An adjunct professor is a type of academic appointment in higher education who does not work at the establishment full-time. The terms of this appointment and the job security of the tenure vary in different parts of the world, but the term is generally agreed to mean a bona-fide part-time faculty member in an adjunct position at an institution of higher education.

Terminology
An adjunct professor may also be called an adjunct lecturer, an adjunct instructor, or adjunct faculty. Collectively, they may be referred to as contingent academic labor. The rank of sessional lecturer in Canadian universities is similar to the US concept.

North America 

In the United States, an adjunct is, in most cases, a non-tenure-track faculty member. However, it can also be a scholar or teacher whose primary employer is not the school or department with which they have adjunct status. 
Adjunct professors make up the majority of instructors in higher education (post-secondary) institutions. As with other part-time workers, they are paid less than full-time professors and do not receive employee benefits such as health insurance or an office.
In most cases, adjunct professors need a master's degree, but in some cases only require a bachelor's degree and relevant experience. However, over a third have a doctoral degree. In many universities, the title "adjunct professor" (or variations thereof, such as "adjunct associate professor") implies a PhD or other terminal degree; those with a master's or bachelor's degree may receive the title of "adjunct lecturer". In 2018 the American Association of University Professors (AAUP) expressed concern that only a quarter of university positions are tenure-track, with implications for job security and academic freedom. The AAUP analysis determined that 73% of university teaching positions in the United States are non-tenure track.
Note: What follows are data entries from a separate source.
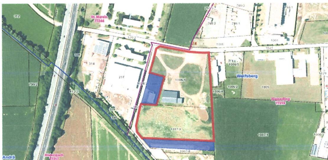
Abb.1 - Darstellung bisheriges Planungsgebiet (ROT) mit den Zukaufflächen (BLAU).

Aufgrund einer Erweiterung des Planungsgebietes um die Grundstücke 1006/3 (westlicher Bereich des Planungsgebietes) und Teilfläche aus dem Grundstück 1007/8 (mittlerweile der Parzelle Nr. 1007/2 zugeschrieben), war es sinnvoll und zielführend diese ebenfalls in den Teilbebauungsplan aufzunehmen.
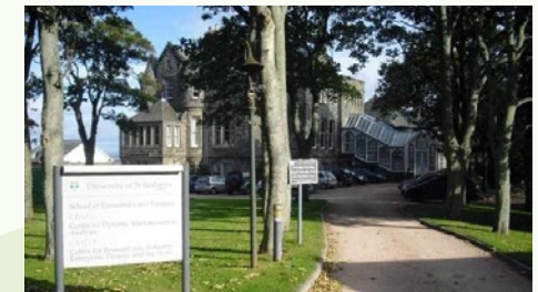
School of Economics & Finance, University of St Andrews

mich heran. Die Abteilung, für die ich auch bisher gearbeitet hatte, erwirtschaftet etwa 25% ihres Umsatzes im Ausland, sodass unser deutsches Team im Rahmen unterschiedlichster Projekte von Irland bis nach Nigeria und China im Einsatz ist.
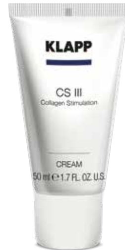
CREAM // КРЕМ Код 1542. Об'єм: 50 мл

Крем-флюїд, що містить наноконкомплекс ASCIII, активізує колагеногенез, зміцнює структуру шкіри навколо очей, підвищує її пружність і стійкість до впливу агресивних факторів зовнішнього середовища. Ефективно усуває почервоніння, сухість та набряк шкіри навколо очей.
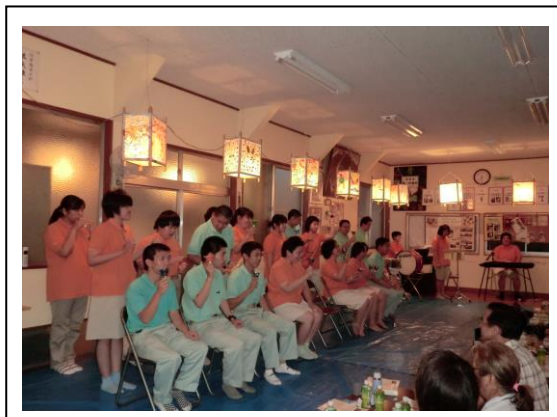
納涼大会・音楽活動
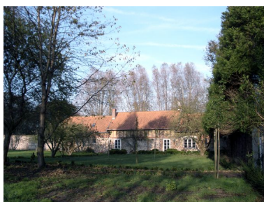
Vue de la maison depuis le sud.
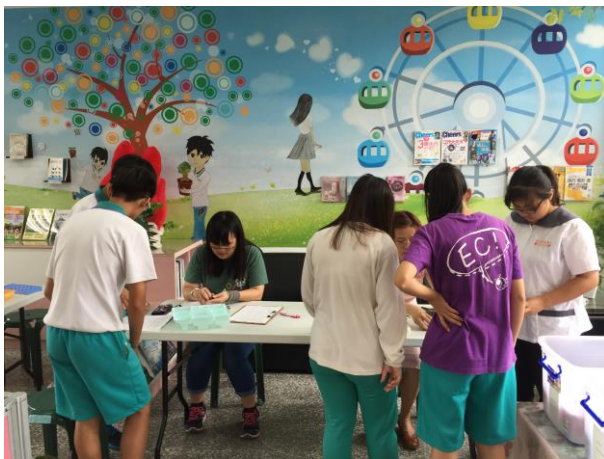
內容 4：輔導股長協助班級募款活動
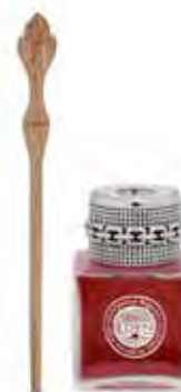
0.030813 250 ml 22,00€
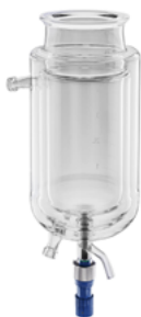
带真空保温层的三层夹套反应釜, 低温至 -80°C

In Canada, adjunct professors are often nominated in recognition of active involvement with the appointing institution. At the same time, they are employed by the government, industry, a profession, or another institution. The term course lecturer, rather than adjunct, is used if the appointment is strictly to teach one or more courses. In contrast, the US uses this title for all instructors.

Europe 
In Portugal, the designation professor adjunto implies stable full-time employment in a polytechnic university. Notably, in countries such as Argentina and Brazil, a similar designation, professor adjunto, also implies stable employment. The same term used in Argentina and Brazil refers to a non-tenured position in parts of Spain.
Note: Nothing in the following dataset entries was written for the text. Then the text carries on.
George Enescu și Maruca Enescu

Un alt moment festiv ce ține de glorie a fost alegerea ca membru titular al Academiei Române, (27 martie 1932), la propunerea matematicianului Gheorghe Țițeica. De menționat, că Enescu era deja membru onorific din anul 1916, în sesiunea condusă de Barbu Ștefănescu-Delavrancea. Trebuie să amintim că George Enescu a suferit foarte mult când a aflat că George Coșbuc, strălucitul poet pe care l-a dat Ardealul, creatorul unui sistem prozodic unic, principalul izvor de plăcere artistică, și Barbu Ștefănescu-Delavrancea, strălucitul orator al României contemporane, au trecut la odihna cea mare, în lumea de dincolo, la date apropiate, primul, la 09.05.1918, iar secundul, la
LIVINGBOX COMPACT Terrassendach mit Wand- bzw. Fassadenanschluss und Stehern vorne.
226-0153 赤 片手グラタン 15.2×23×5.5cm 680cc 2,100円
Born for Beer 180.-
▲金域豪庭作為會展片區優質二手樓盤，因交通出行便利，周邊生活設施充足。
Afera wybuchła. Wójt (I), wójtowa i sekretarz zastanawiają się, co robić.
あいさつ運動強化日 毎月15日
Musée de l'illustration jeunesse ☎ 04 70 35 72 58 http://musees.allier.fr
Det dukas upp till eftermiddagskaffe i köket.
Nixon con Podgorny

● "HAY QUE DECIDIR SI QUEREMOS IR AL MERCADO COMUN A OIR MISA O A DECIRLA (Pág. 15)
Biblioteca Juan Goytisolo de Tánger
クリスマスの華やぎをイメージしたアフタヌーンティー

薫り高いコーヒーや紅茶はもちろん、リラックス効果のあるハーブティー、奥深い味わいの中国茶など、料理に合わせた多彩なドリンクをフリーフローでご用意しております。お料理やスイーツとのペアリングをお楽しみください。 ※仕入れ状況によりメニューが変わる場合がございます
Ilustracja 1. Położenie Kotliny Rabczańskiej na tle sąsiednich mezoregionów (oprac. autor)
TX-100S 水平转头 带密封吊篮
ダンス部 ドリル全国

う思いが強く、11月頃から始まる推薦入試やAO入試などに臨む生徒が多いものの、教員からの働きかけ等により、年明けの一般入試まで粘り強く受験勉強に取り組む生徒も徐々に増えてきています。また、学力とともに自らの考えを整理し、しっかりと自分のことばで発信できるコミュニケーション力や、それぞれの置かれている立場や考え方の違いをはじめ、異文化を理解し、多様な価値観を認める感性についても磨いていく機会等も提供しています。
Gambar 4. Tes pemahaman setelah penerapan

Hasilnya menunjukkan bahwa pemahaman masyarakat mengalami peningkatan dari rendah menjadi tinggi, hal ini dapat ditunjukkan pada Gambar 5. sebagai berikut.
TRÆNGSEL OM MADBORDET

In Hungary, there exists a similar term adjunktus, as well as adiunkt in Poland.

In Finland, the Docents' Union of Finland and the Finnish Ministry of Education recommend the term adjunct professor or associate professor in English as a translation of the title of docent. A docentship should be regarded as an educational title not connected with the employment rank as such, rather an assurance of the level of expertise, to enable the person to advance further in their academic career. The rank of a docent entitles scientists to be principal investigators, lead research groups, and act as the supervisors of doctoral students.
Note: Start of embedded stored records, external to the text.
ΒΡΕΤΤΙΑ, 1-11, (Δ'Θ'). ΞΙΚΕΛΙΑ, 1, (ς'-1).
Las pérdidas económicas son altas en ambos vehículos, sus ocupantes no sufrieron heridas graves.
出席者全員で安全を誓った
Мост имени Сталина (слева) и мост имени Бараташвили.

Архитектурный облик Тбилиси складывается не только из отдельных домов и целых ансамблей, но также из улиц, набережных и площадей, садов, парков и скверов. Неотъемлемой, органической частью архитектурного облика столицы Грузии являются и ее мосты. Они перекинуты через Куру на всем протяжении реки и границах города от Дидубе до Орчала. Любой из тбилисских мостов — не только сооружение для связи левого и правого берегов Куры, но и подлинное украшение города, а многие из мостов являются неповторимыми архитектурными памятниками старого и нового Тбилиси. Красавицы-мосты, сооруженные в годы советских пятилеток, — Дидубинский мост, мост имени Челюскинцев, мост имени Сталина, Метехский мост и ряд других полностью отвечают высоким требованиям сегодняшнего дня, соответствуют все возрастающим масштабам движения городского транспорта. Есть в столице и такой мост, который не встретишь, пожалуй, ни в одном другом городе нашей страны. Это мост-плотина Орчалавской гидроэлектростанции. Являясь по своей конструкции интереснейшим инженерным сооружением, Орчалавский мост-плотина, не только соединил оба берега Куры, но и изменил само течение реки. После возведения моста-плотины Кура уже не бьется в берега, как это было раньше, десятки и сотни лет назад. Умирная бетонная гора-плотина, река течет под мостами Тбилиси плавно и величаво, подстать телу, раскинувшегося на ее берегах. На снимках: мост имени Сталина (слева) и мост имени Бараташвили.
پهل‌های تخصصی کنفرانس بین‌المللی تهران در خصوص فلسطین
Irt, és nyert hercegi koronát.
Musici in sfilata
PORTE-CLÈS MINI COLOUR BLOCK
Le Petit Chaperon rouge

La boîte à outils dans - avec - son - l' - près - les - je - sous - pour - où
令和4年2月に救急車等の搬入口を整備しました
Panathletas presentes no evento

Some universities in The Netherlands have adjunct professors, where the title applies to the highest ranking variant of associate professor, thus having quite a distinct interpretation from the American use of the term.

South Asia 
In Bangladesh, private universities follow the title adjunct professor or adjunct associate professor to imply non-tenure faculty members.

In Pakistan, adjunct (assistant/associate) professors are also considered as non-regular faculty members, and usually, posts are given to Pakistani overseas scientists under a faculty development program.

Southeast Asia and Oceania 
In Australia, the term adjunct is reserved for academics and researchers from outside the university who have a close association with the university, e.g., through supervision of PhD students, recognized by an honorary title reflective of their rank and standing (adjunct lecturer, senior lecturer, associate professor or professor).

In Thailand, adjunct (assistant/associate) professors are considered "non-regular officers".